▸ **Input records**
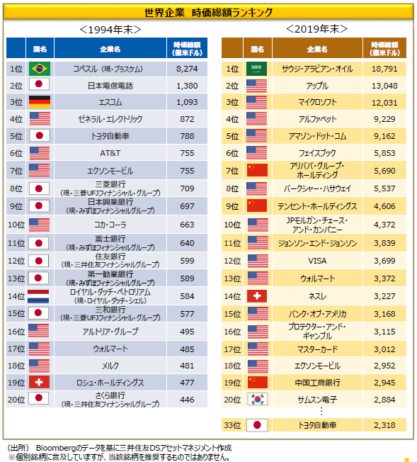 世界経済の拡⼤を受け、世界企業の時価総額は25年前に⽐べて⼤きく拡⼤しています。⼀⽅、⽇本の製造業を代表するトヨタ⾃動⾞は1994年末に5位だったものの、2019年末には33位となっており、⽇本企業の⽐率は1994年末対⽐で⼤きく減少しています。
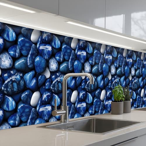 KitchenYeah© Credence Adhesive Pour Cuisine 80x250 cm Panneau Mural Adhesif Fond De Hotte Plaque Pvc Murale Peel And Stick Protege Mur Luxe - Bleu - Marbre - Pierres
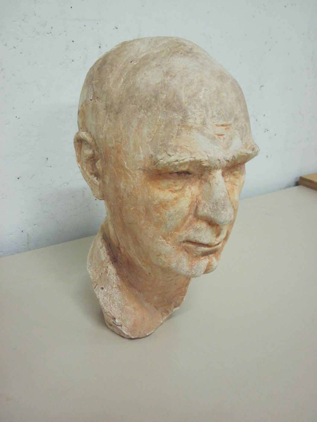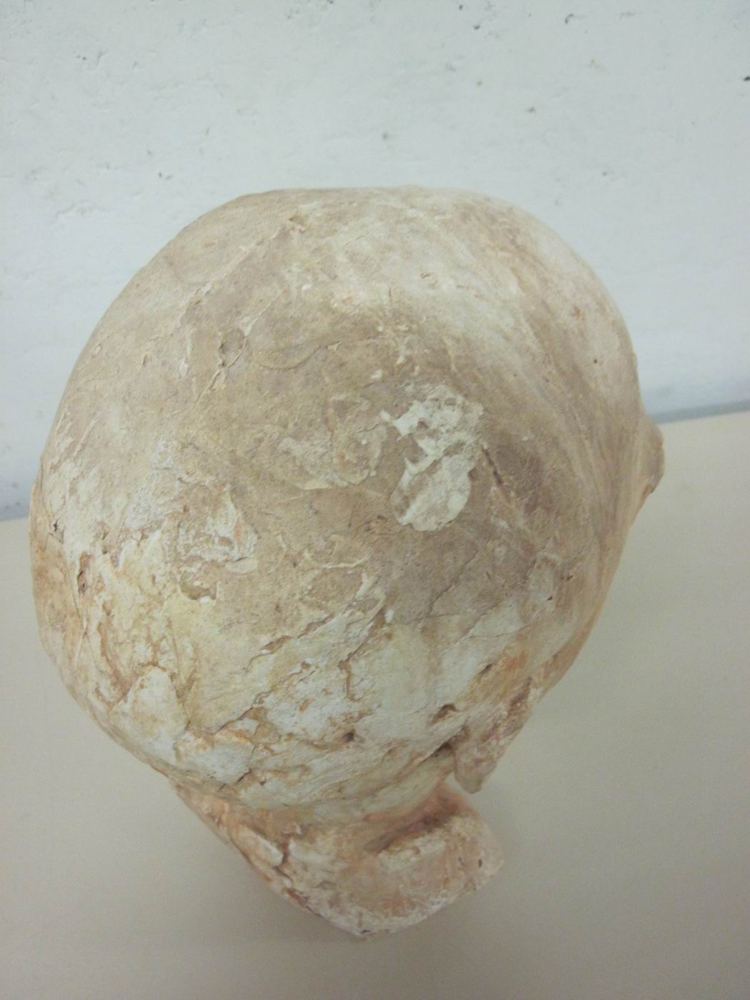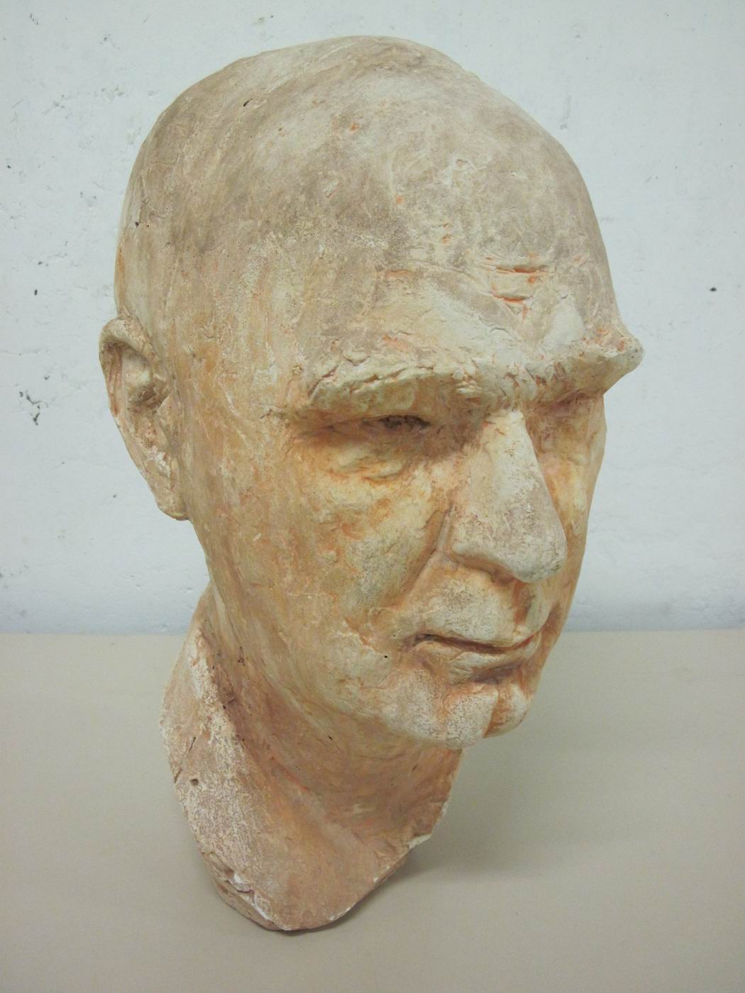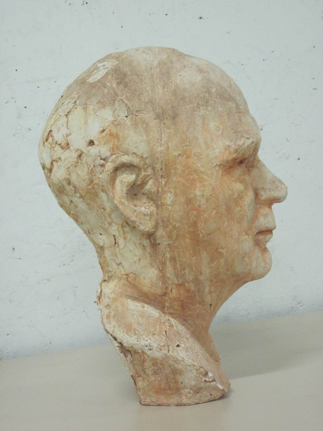 Nach Aussage von Anwesenden, welche anlässlich der Herstellung der gezeigten Fotoaufnahmen mit Restaurationen am Ort der Aufnahmen beschäftigt waren, handelt es sich hier um den Kopf eines Unbekannten, welcher angeblich beim Modellieren bei Probst in Peney in der Nähe von Genf nicht still sitzen konnte und dann diesen Kopf auch nicht entgegennehmen, nicht haben und nicht behalten wollte, worauf ihn angeblich eine öffentliche Institution geschenkt bekam, welche ihn jetzt zu ihrer Sammlung zählt. Dies sei vermutlich um 1963 geschehen (anlässlich der Auswahl von Großplastiken für größere öffentliche Gebäude in Dreiland). Unglaublich, wie Probst es geschafft hat, dem Material eine Psyche einzuhauchen, so dass es scheint, im Gips sein noch Leben drin! Es handelt sich bei der Figur um eine Großausführung in etwa drei bis vierfacher natürlicher Größe. (Probst soll nach der Aussage eines Anwesenden angeblich bemerkt haben: "Damit man ihn nicht übersieht.") Probst hat viele Großfiguren geschaffen. Ist eine große Figur einfacher zu machen - oder schwieriger - als eine kleine Figur? |
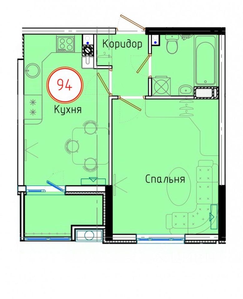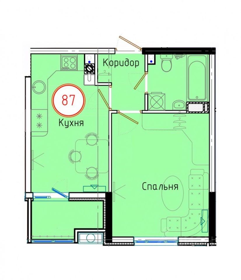 Продаётся 1-комнатная квартира в сданном доме (Дом 2/1), срок сдачи: IV-кв. 2023, общей площадью 39.8 кв.м., на 8 этаже.
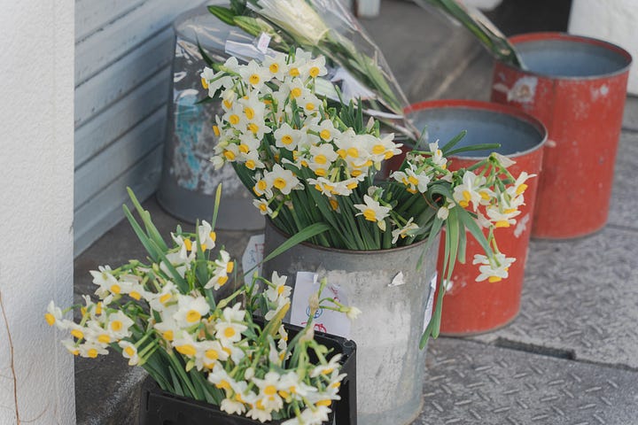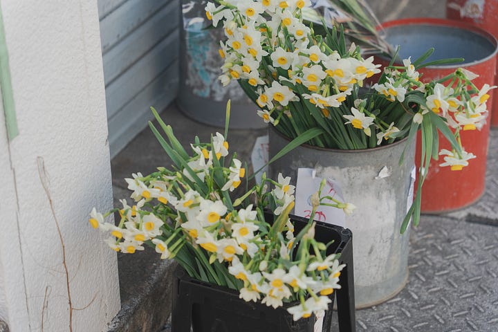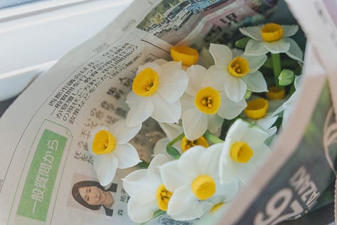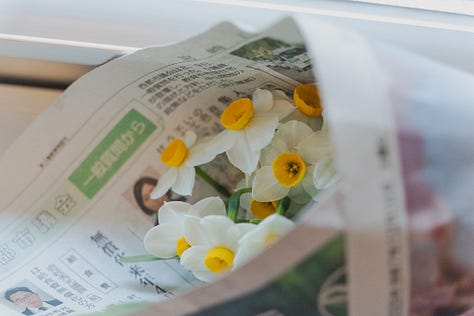 水仙切花在台灣不太常見,前幾週到宮崎出差,在前往當天最後一個採訪點時,途經一個婦人在街邊擺攤賣蔬果,還有幾桶水仙切花。那時候想,採訪結束後再去買。不太好意思麻煩別人的脾性,但卻在踏出採訪點夥伴們往反方向走時,趕緊小跑步說他們先走,我去買花,很快跟上。我湊近,才仔細看價錢,一小把才100円,台幣不過20元。我挑了兩把,婦人用塑膠袋和報紙替我包起來,夥伴則替我翻譯她交待的照料資訊。即便我也剩下三天會待在宮崎,並且根本沒花瓶什麼的。
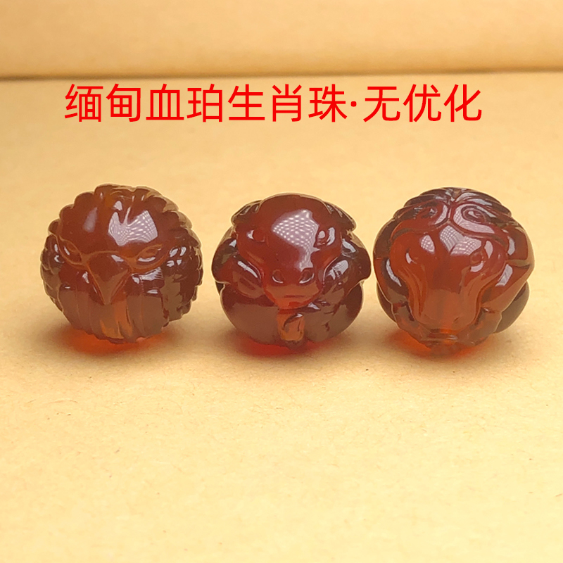 缅甸血珀无优化生肖珠散珠配珠
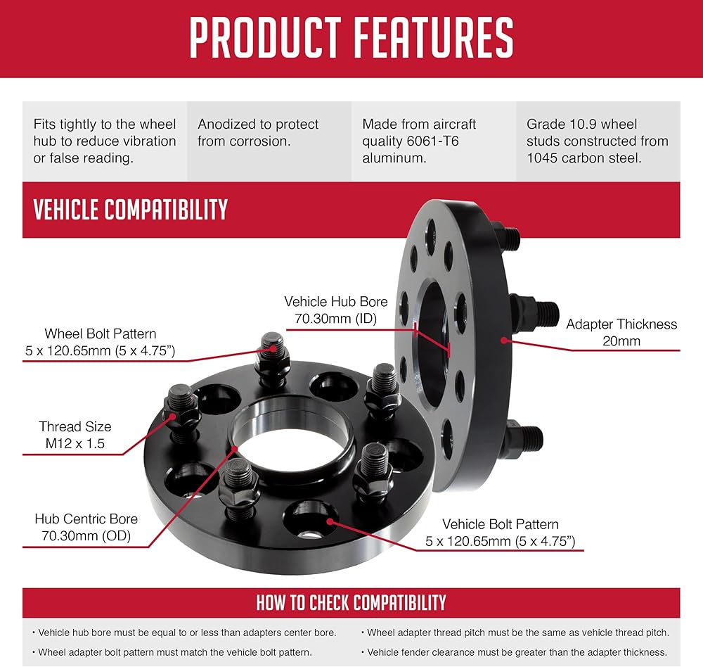 مصنوعة من الفواصل لدينا من سبيكة الألومنيوم 6061-T6 مزورة. كل فاصل هو أسود مختلط مما يعزز بشكل كبير من صلابة وتآكل مقاومة. ترصيع SAE 10.9. تضمن مخارط CNC وآلات الطحن نوبة دقيقة لمركز سيارتك القضاء على الاهتزاز المحتمل.
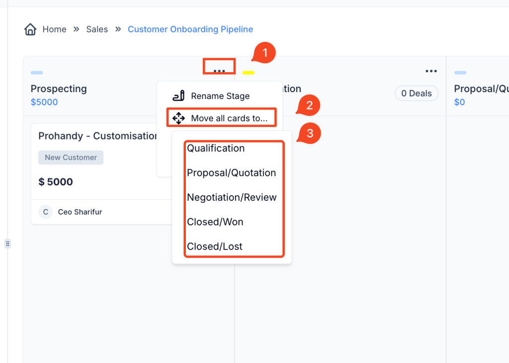 - In the Sales Pipeline, locate the stage from which you want to move all the deals. For example, you may want to move deals from the Prospecting stage.
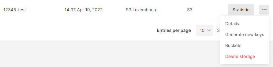 After creation or settings update (adding keys or changing password), it might take time for the requests to get processed. Orange color indicates a processing state, while green one shows that the storage is ready.
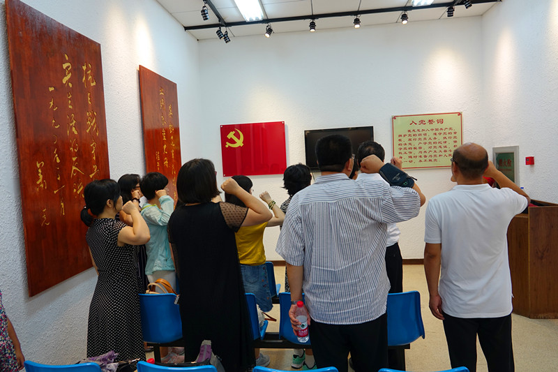在纪念馆中,太阳集团tcy8722书记马俊云带领党员教师重温入党誓词,提醒自己坚定理想信念、做好公司产品工作。
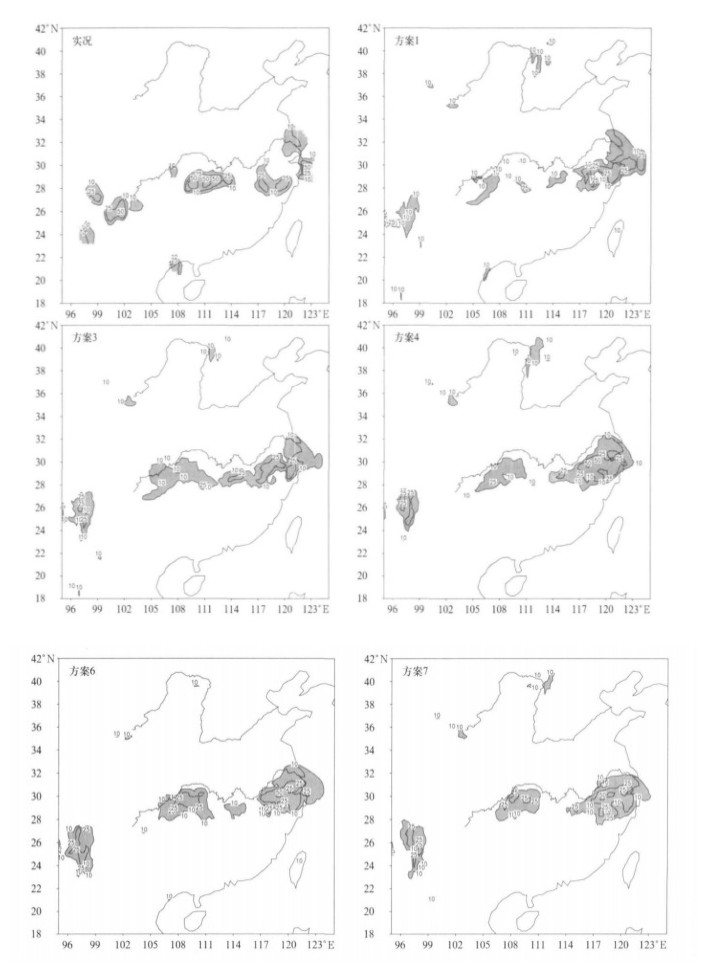 图 4a给出了2002年6月27日18:00—28日00:00的6 h降水量实况图。从图上可以看出, 在湖南北部至江西北部有一个强降水区域, 本次同化的雷达站中常德和南昌6 h降水分别为80.0 mm和27.0 mm。对比各数值试验方案的结果可以发现, 在未加入雷达风廓线资料时这一强降水区域的降水几乎没有预报出来。加入雷达风廓线资料同化后, 湖南北部的强暴雨区预报得到明显改善。同化了VAD风廓线资料后各方案都报出了10 mm以上的降水中心, 其中以方案6和方案7的改善最为显著, 基本上预报出了10~25 mm的暴雨区域。不足的是, 暴雨区域的位置稍偏西一些, 雨量较实况略偏小。总体来看, 同化VAD风廓线后对6 h强降水预报的改善较为明显。
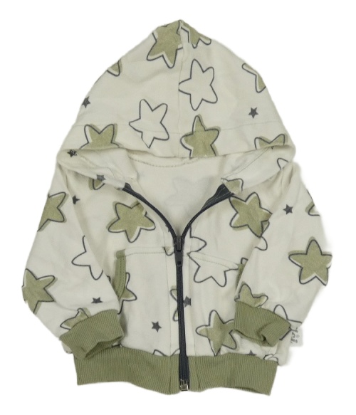 Bílo-khaki prepínaci mikina s hviezdičkami a kapucňou
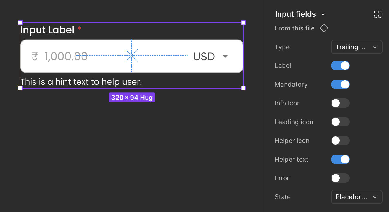 Defined a unified input with a clear anatomy: label, field container, placeholder/input text, helper text, error message, and optional leading or trailing icons.
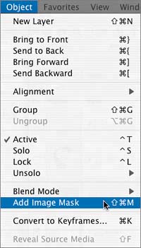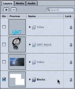 | Applying an Image Mask to a Layer The goal in this exercise is to use the Blocks layer as an image mask for the Video layer. The black areas between the white blocks in the Canvas are transparent areas, or the alpha channel for the Blocks layer. Using an image mask, you can apply the same alpha channel information to the Video layer. Then the Video layer will have the same black transparent areas as the Blocks layer. You apply an image mask to a layer in either of two ways: Let's use the Object menu method. 1. | Press D to open the Dashboard, if it's not already open.
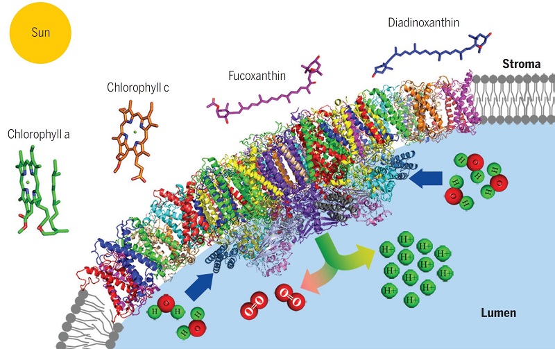 硅藻的适应性极强,除了空气和沙漠外,几乎所有的环境中都有硅藻,因此硅藻贡献了地球上每年原初生产力的25%左右(吸收二氧化碳的能力占全球生态系统的四分之一左右)。硅藻强大的适应能力依赖于其精致的细胞结构,高效的光合作用能力以及强大的光保护能力。硅藻的捕光天线系统主要结合叶绿素a/c和岩藻黄素(Fx),因此硅藻的捕光天线系统被命名为FCP,独特的捕光天线系统使硅藻在水下能高效的利用蓝绿光,同时还有极强的光保护能力 (图1)。
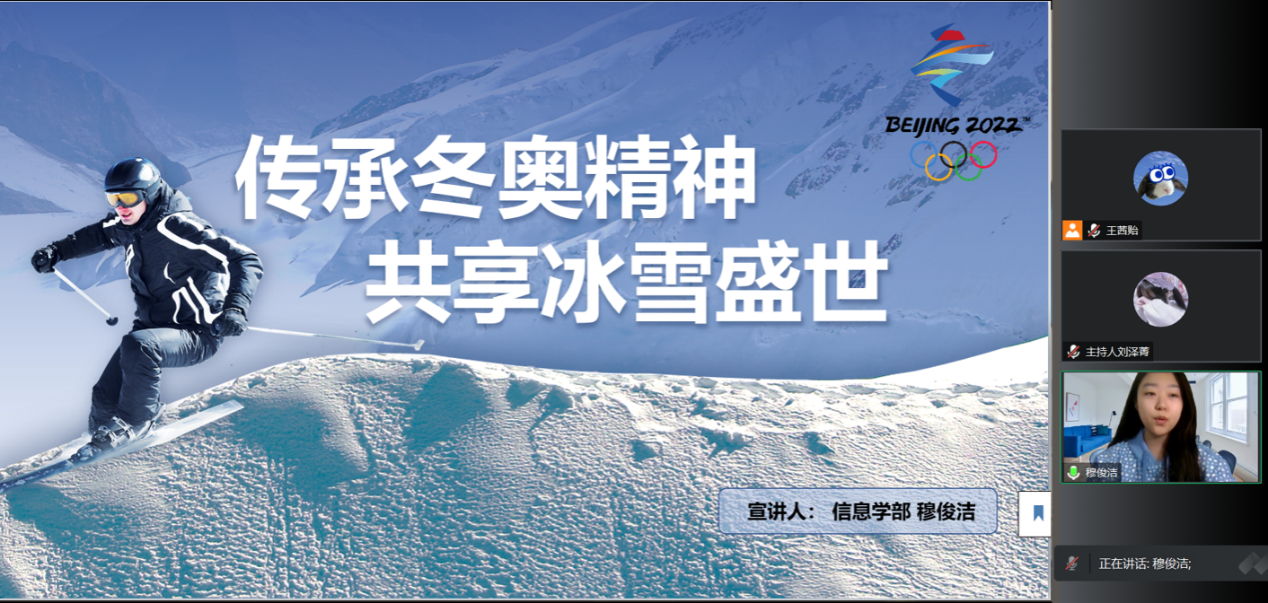 为发扬冰雪精神,推动冬奥文化传承,信息学部团委组织召开了初级团校第七讲。本次团校邀请到信息学部研究生宣讲团成员穆俊洁同学为大家带来冬奥精神宣讲。本次团校由团直组织部刘泽菁主持。

▸ **About this exercise**
Output exactly the lines from the first line of the records through the line containing "Nach Aussage von". Leave out every picture.

▸ **Task answer**
 世界経済の拡⼤を受け、世界企業の時価総額は25年前に⽐べて⼤きく拡⼤しています。⼀⽅、⽇本の製造業を代表するトヨタ⾃動⾞は1994年末に5位だったものの、2019年末には33位となっており、⽇本企業の⽐率は1994年末対⽐で⼤きく減少しています。
 KitchenYeah© Credence Adhesive Pour Cuisine 80x250 cm Panneau Mural Adhesif Fond De Hotte Plaque Pvc Murale Peel And Stick Protege Mur Luxe - Bleu - Marbre - Pierres
 Nach Aussage von Anwesenden, welche anlässlich der Herstellung der gezeigten Fotoaufnahmen mit Restaurationen am Ort der Aufnahmen beschäftigt waren, handelt es sich hier um den Kopf eines Unbekannten, welcher angeblich beim Modellieren bei Probst in Peney in der Nähe von Genf nicht still sitzen konnte und dann diesen Kopf auch nicht entgegennehmen, nicht haben und nicht behalten wollte, worauf ihn angeblich eine öffentliche Institution geschenkt bekam, welche ihn jetzt zu ihrer Sammlung zählt. Dies sei vermutlich um 1963 geschehen (anlässlich der Auswahl von Großplastiken für größere öffentliche Gebäude in Dreiland). Unglaublich, wie Probst es geschafft hat, dem Material eine Psyche einzuhauchen, so dass es scheint, im Gips sein noch Leben drin! Es handelt sich bei der Figur um eine Großausführung in etwa drei bis vierfacher natürlicher Größe. (Probst soll nach der Aussage eines Anwesenden angeblich bemerkt haben: "Damit man ihn nicht übersieht.") Probst hat viele Großfiguren geschaffen. Ist eine große Figur einfacher zu machen - oder schwieriger - als eine kleine Figur? |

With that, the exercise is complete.